Monday, May 8, 2017

Sleight

Year: 2017
Genre: Drama
Directed: J.D. Dillard
Stars: Jacob Latimore, Seychelle Gabriel, Dule Hill, Storm Reid, Sasheer Zamata, Michael Villar, Brandon Johnson, Cameron Esposito, Andrew Fitzpatrick, Jay Walker, Frank Clem
Production: BH Tilt

Sleight borrows heavily from two very recent and very disparaged movie traditions: the proselytizing social drama and the cheaply made superhero fan film. One has been the last vestige of old-fashioned melodrama, cloaked in an inflated sense of self-importance.
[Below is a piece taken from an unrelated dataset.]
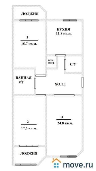 Квартира находится в отличном состоянии и готова к проживанию. Три уютные комнаты площадью 24,8 кв.м., 17,6 кв.м. и 15,7 кв.м. подарят каждому члену семьи личное пространство. Просторная кухня площадью 11,8 кв.м. оборудована современной встроенной мебелью.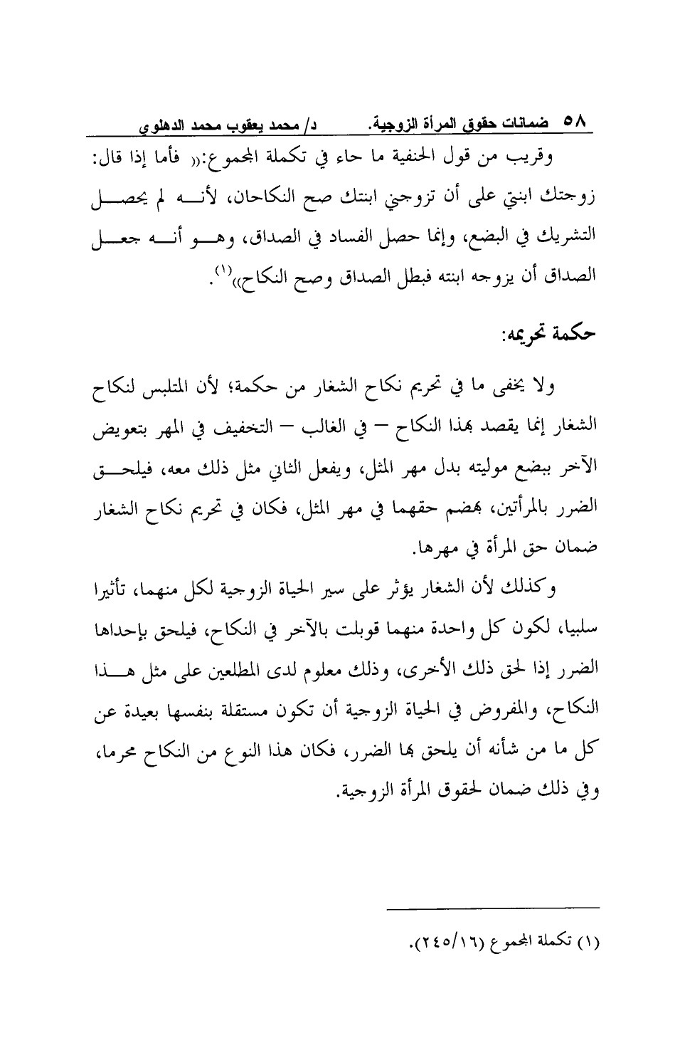وكذلك لأن الشغار يؤثر على سير الحياة الزوجية لكل منهما، تأثيرا سلبيا، لكون كل واحدة منهما قوبلت بالآخر في النكاح، فيلحق بإحداها الضرر إذا لحق ذلك الأخرى، وذلك معلوم لدى المطلعين على مثل هذا النكاح، والمفروض في الحياة الزوجية أن تكون مستقلة بنفسها بعيدة عن كل ما من شأنه أن يلحق بها الضرر، فكان هذا النوع من النكاح محرما، وفي ذلك ضمان لحقوق المرأة الزوجية.

The other has a robust life on Youtube sure, but you can't really say that fan films are things of cinematic brilliance - until now.

Well, I suppose there were a few noted exceptions.
Sleight focuses on the life of a young street magician and brilliant engineering prodigy whose mother's untimely death coerces him into a life of petty crime. Bo (Latimore) makes a decent living as a drug dealer, partially because his sleight of hand abilities keeps him out of the clink and partially because his boss Angelo (Hill) has taken him under his smooth talking, business oriented wing.
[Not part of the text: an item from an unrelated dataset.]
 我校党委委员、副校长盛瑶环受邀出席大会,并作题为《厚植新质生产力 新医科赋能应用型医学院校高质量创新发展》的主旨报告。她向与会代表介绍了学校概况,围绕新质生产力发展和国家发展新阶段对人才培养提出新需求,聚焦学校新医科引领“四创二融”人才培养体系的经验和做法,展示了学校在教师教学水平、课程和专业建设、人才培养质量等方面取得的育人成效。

To say more would constitute spoilers so I'll only say that the movie and specifically its trailer can be blamed for a bit of a bait and switch where the plot is concerned. Those who managed to see the trailer might well be expecting a superhero origin story and not a squalid urban drama. Yet for the majority of the movie that's basically what you get. At first I felt a little, shall we say slighted. But after settling in and ingratiating myself to the characters, the movie's genre-bending plot became something truly new and different.

At the head of it all is the young Jacob Latimore, who's vulnerability and magnetic stage presence as Bo grounds the film, like his Houdini poster centers his bedroom. Every decision the character makes, good and bad (though mostly bad) feels organic and tragically real. Put in a desperate scenario, Bo finds solace in his new girlfriend (Gabriel) his sister (Reid) and his neighbor (Zamata) all of whom try to save him from falling further in a hole of debt and danger. Yet even they fall short; not because of a lack of love or hubris which usually becomes the case in movies like this - but because Bo's desire to just be runs counter to what his world expects from him. Finding no hope in the real, Bo ultimately finds some form of escape in the fantastical, the unexpected, the heroic.
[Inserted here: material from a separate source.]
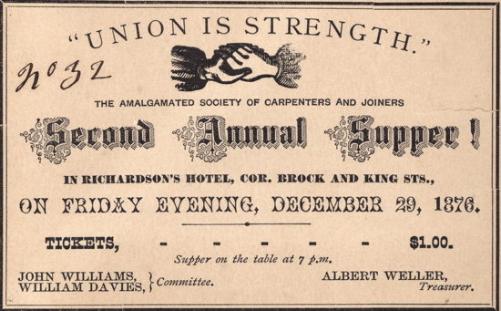 Amalgamated Society of Carpenters and joiners, Canadian District, TRL 1876. Union.VSB

The film's passion really shines through with a vivacious balance of understated drama, familial warmth and staged cleverness. There are only a limited amount of sets and scenes yet with each L.A. club and Bel-Air estate there's a new dimension to everything. It can be said that freshman director J.D. Dillard does more with a two bedroom, one bath house than most directors think to do with an entire sound set.

This wizard right here is your villain.
Of course the film's far from perfect and has some huge problems that would otherwise mar a film of this size and scope. The largest problem stems from the casting of Dule Hill who plays against type as Bo's cutthroat supplier. The script allows him to do some truly despicable things yet his wispy goatee can't hide the fact that the baby-faced actor is far too out of his wheelhouse to seem menacing. Additionally, while the ending is worth the wait overall, one can't help but notice that the emotions become smaller as the set-pieces become bigger.

Sleight is chalked full of  ingredients we've seen before but never together in one movie and certainly not to this extent.  It's an audacious pop experiment. One whose skeletal budget only sells its earnestness. It's the kind of movie that makes me think the future of independent film isn't as dark as it sometimes appears.